Picasso céramiste et la Méditerranée

Picasso n’a pas seulement été un peintre : sculpteur, graveur, céramiste, il a été la figure même de l’artiste multidisciplinaire et touche à tout. L’exposition « Picasso céramiste et la Méditerranée », actuellement présentée à la cité de la Céramique met en lumière une facette de son œuvre qui, malgré sa richesse, demeure inconnue du grand public.

Picasso peignant le grand plat chouette, Cannes, 1957, succession Picasso
Picasso peignant le grand plat chouette, Cannes, 1957, succession Picasso

En 1946, alors qu’il séjourne dans le sud de la France, Picasso visite à Vallauris l’atelier Madoura, fondé par Georges et Suzanne Ramié. Le couple, installé depuis dix ans dans cette ville à forte tradition potière, cherche à renouveler les formes de la céramique populaire. Avec un bout de terre qu’on lui confie lorsqu’il pénètre dans l’atelier, Picasso modèle un petit faune encadré de deux taureaux, qui sera le point de départ d’une longue série de créations.

Un an plus tard, Picasso revient à Vallauris pour explorer plus en avant les techniques de la céramique. Il s’installe à l’atelier Madoura, où il observe les tourneurs travailler avant de s’y essayer. Picasso se jette à corps perdu dans l’exploration du matériau: entre juillet 1947 et octobre 1948, il crée près de 2000 pièces!

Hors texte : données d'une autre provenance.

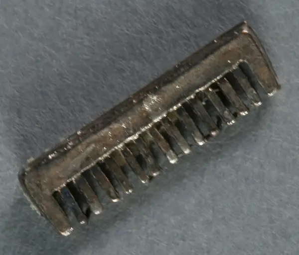 Sex toalettartiklar bestående av a) handspegel, b) borste, c) kam, d) rakkniv, e) Nivea hudkräm och f) löständer. Hör till inredningen i föräldrarnas sängkammare på andra våningen i dockskåpet. Ska ligga på toalettbordet (NM.0333251).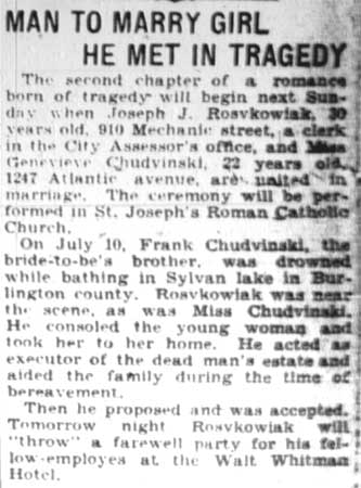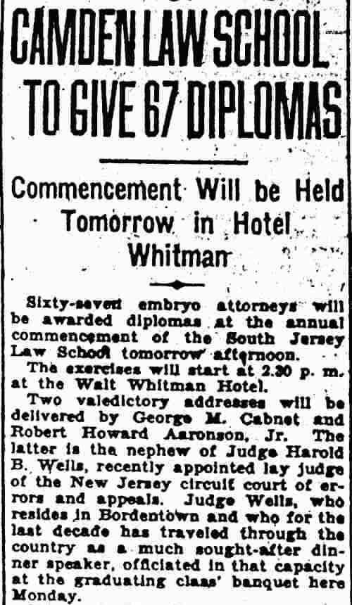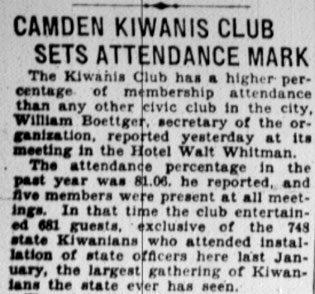 An exciting contest is expected in the annual election of officers of the Broadway Business Men’s Association. The elections, preceded by a banquet, will be held Wednesday evening, January 25, at Hotel Walt Whitman. Three merchants are candidates for the presidency, which will be vacated by Harry Pelouze. There are J.V. Moran, Walter Friant and Morris Futernick. They were nominated at the November meeting of the association. Another battle is looked for in the naming of a vice-president. M. Fuhrman and J.W. Holmes are the two candidates while Morris Jaffe is the retiring vice president. Edwin C. Norcross, president treasurer, will be unopposed for re-election. Albert S. Dudley will be unopposed when he succeeds David Tattersdill as secretary. Representatives from every business in every section of the city have been invited to attend the affair, while every one of the 150 members will probably be present. The principle speaker will be former Judge John B. Kates, of the Broadway Merchants Trust Company. An address on interstate traffic and its relations to the transportation problems of Camden business will be delivered by J.J. Ruster, head of the transportation department of the Camden -Chamber of Commerce. Francis B. Wallen and Loyal D. Odhner, president and secretary respectively of the Chamber of Commerce will also be guests of the merchants. A comparison of the work of other commercial organizations will be made by several well-known visitors. Benjamin Shindler, William Lipsitz and H. Zbieratski, presidents respectively of the East Camden, Kaighn Avenue and Mount Ephraim Business Men’s Associations, will speak. The new constitution and by-laws of the association will be adopted at the January meeting. Eighteen directors will be elected; six for terms of three years, six for two-year terms and a similar number for one year. The candidates for director are Harry Pelouze, Joseph Kobus , J.W. Holmes, Albert Israel, James V. Moran, Walter Friant, Dr. I.S. Siris, Joseph Fuhrman, William E. Cross, S. Abeson, M. Futernick, Howard B. Lee, Fred W. Schorpp, Morris Jaffe, W. Mitchell, L. Markowitz, Joseph Corbett, M. Lasala, P. Thatcher, W. Falture, G. Lockerman and David Tattersdill. |

Une production si prolixe peut surprendre: comment parvient-il, en si peu de temps, à s’approprier une technique qu’il ne connait a priori pas, si ce n’est qu’il s’y est brièvement essayé dans sa jeunesse, en 1905?

Picasso, corrida, scène de pique, 1951, terre cuite, collection particulière, succession Picasso
Picasso, corrida, scène de pique, 1951, terre cuite, collection particulière, succession Picasso

On touche là à l’un des aspects les plus fascinants de la personnalité de Picasso : sa capacité à s’approprier une nouvelle technique, à en saisir l’essence et à y insuffler un peu de son génie créateur. C’est souvent une rencontre marquante qui pousse Picasso à explorer un nouveau médium. Ainsi, dans le domaine de l’estampe, il expérimente les techniques au gré de ses collaborations avec des quelques imprimeurs parmi les plus doués de leur temps : la lithographie avec Mourlot à partir de 1945, la linogravure avec Arnéra à partir de 1946. De même, en 1963, sa rencontre avec les jeunes frères Crommelynck sera déterminante dans son retour à la taille douce.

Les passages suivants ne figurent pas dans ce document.